Using the listing below, retype only the lines from the line with "2019年5月31日湖南省佛" through the end, both ends included, and exclude the pictures.

======== THE DATA

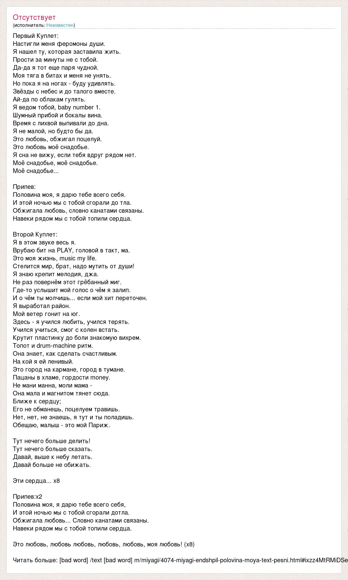 Первый Куплет: Настигли меня феромоны души. Я нашел ту, которая заставила жить. Прости за минуты не с тобой. Да-да я тот еще паря чудной. Моя тяга в битах и меня не унять. Но пока я на ногах - буду удивлять. Звёзды с небес и до талого вместе. Ай-да по облакам гулять. Я ведом тобой, baby number 1. Шумный прибой и бокалы вина. Время с лихвой выпивали до дна. Я не малой, но будто бы да. Это любовь, обжигал поцелуй. Это любовь моё снадобье. Я сна не вижу, если тебя вдруг рядом нет. Моё снадобье, моё снадобье. Моё снадобье... Припев: Половина моя, я дарю тебе всего себя. И этой ночью мы с тобой сгорали до тла. Обжигала любовь, словно канатами связаны. Навеки рядом мы с тобой топили сердца. Второй Куплет: Я в этом звуке весь я. Врубаю бит на PLAY, головой в такт, ма. Это моя жизнь, music my life. Стелится мир, брат, надо мутить от души! Я знаю крепит мелодия, джа. Не раз повернём этот грёбанный миг. Где-то услышит мой голос о чём я залип. И о чём ты молчишь... если мой хит переточен. Я выработал район. Мой ветер гонит на юг. Здесь - я учился любить, учился терять. Учился учиться, смог с колен встать. Крутит пластинку до боли знакомую вихрем. Топот и drum-machine ритм. Она знает, как сделать счастливым. На кой я ей ленивый. Это город на кармане, город в тумане. Пацаны в хламе, гордости money. Не мани манна, моли мама - Она мала и магнитом тянет сюда. Ближе к сердцу; Его не обманешь, поцелуем травишь. Нет, нет, не знаешь, я тут и ты поладишь. Обещаю, малыш - это мой Париж. Тут нечего больше делить! Тут нечего больше сказать. Давай, выше к небу летать. Давай больше не обижать. Эти сердца... x8 Припев:x2 Половина моя, я дарю тебе всего себя, И этой ночью мы с тобой сгорали дотла. Обжигала любовь... Словно канатами связаны. Навеки рядом мы с тобой топили сердца. Это любовь, любовь любовь, любовь, любовь, моя любовь! (х8) Читать больше: [bad word] /text [bad word] m/miyagi/4074-miyagi-endshpil-polovina-moya-text-pesni.html#ixzz4MtRMiDSe
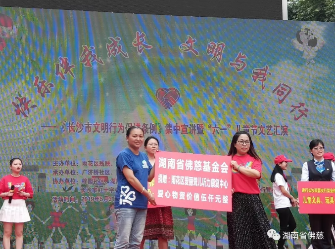 2019年5月31日湖南省佛慈基金会携手雨花区爱丽听力康复中心,与雨花区侯家塘街道广济桥社区共同举办了一场“快乐伴我成长,文明与我同行”“六一”儿童节活动。陪伴一群可爱的听障宝宝们共度六一,通过弘扬志愿者精神,践行扶残助残行为,不断践行基金会关爱儿童,扶残助困的宗旨。
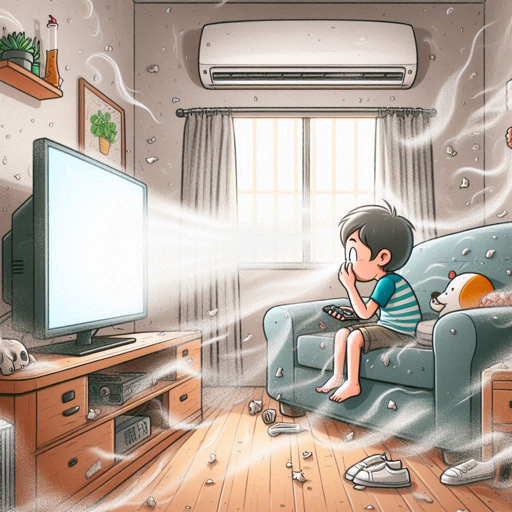 에어컨을 오래 사용하면 내부에는 🚬 담배 연기, 🏙️ 도로의 배기가스, 🦠 곰팡이 등이 쌓여 실내 공기를 오염시켜요. ❌
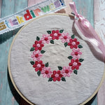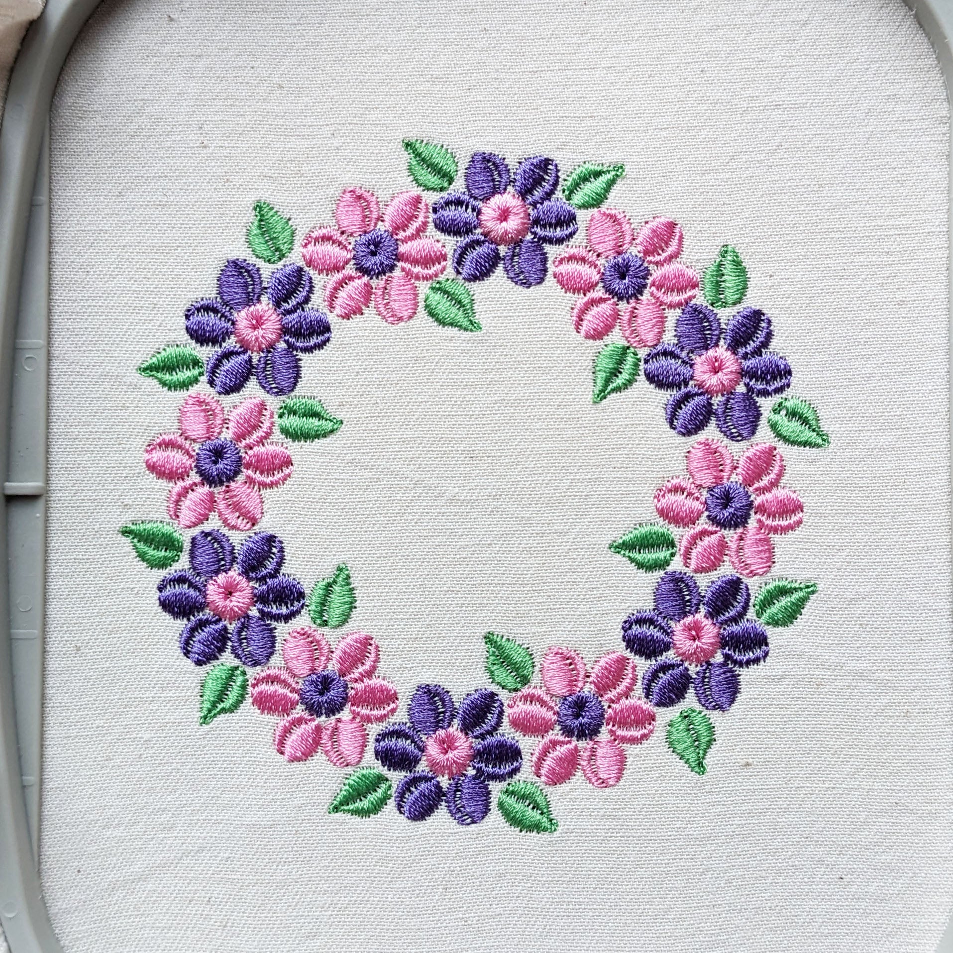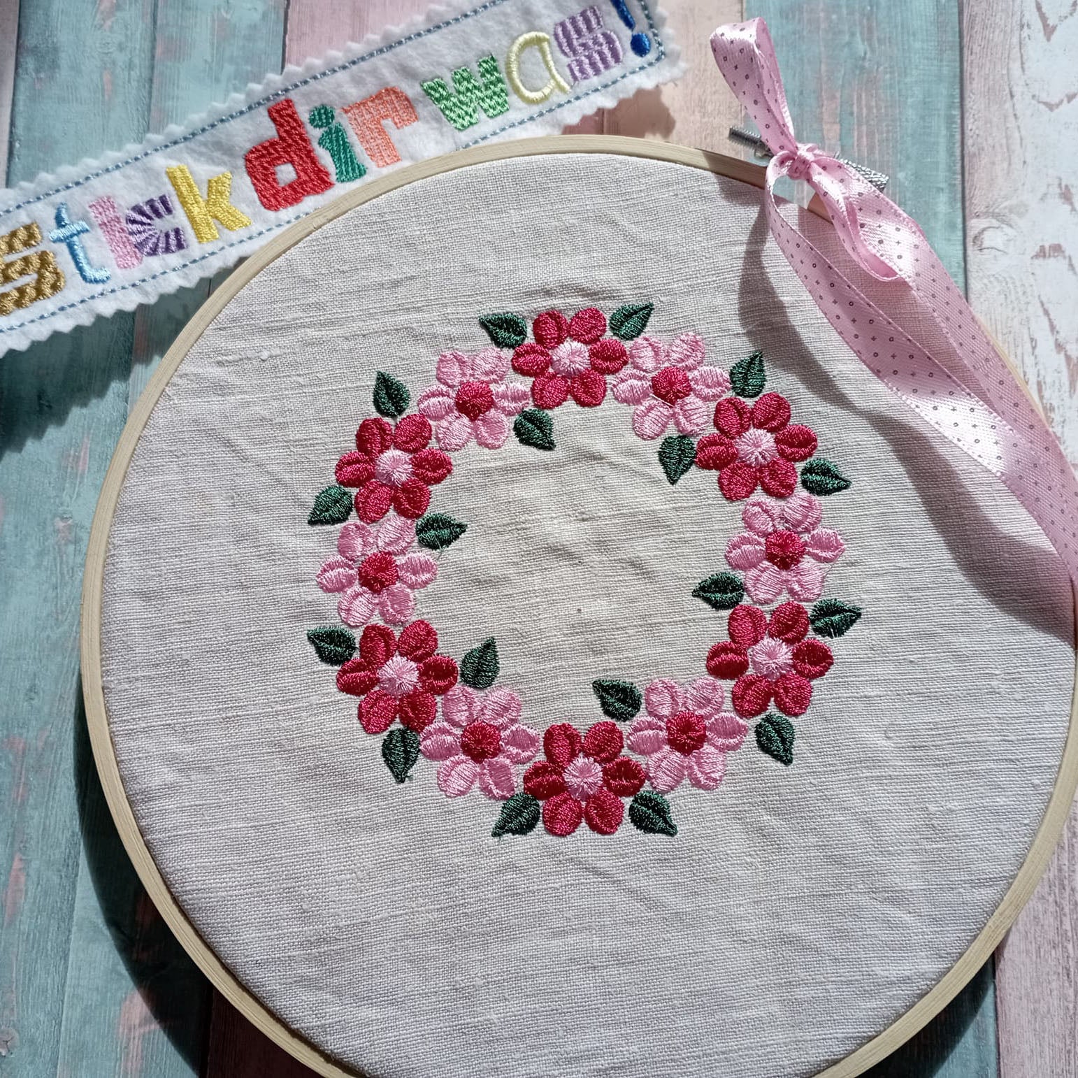 Die niedliche Ranke "Anna" bekommst du als Satinstick Blumen als Ranke, Bordüre zum Aneinandersetzen, Ecke und als Kranz in zwei Größen.

================

> SOLVED PROBLEM
 2019年5月31日湖南省佛慈基金会携手雨花区爱丽听力康复中心,与雨花区侯家塘街道广济桥社区共同举办了一场“快乐伴我成长,文明与我同行”“六一”儿童节活动。陪伴一群可爱的听障宝宝们共度六一,通过弘扬志愿者精神,践行扶残助残行为,不断践行基金会关爱儿童,扶残助困的宗旨。
 에어컨을 오래 사용하면 내부에는 🚬 담배 연기, 🏙️ 도로의 배기가스, 🦠 곰팡이 등이 쌓여 실내 공기를 오염시켜요. ❌
 Die niedliche Ranke "Anna" bekommst du als Satinstick Blumen als Ranke, Bordüre zum Aneinandersetzen, Ecke und als Kranz in zwei Größen.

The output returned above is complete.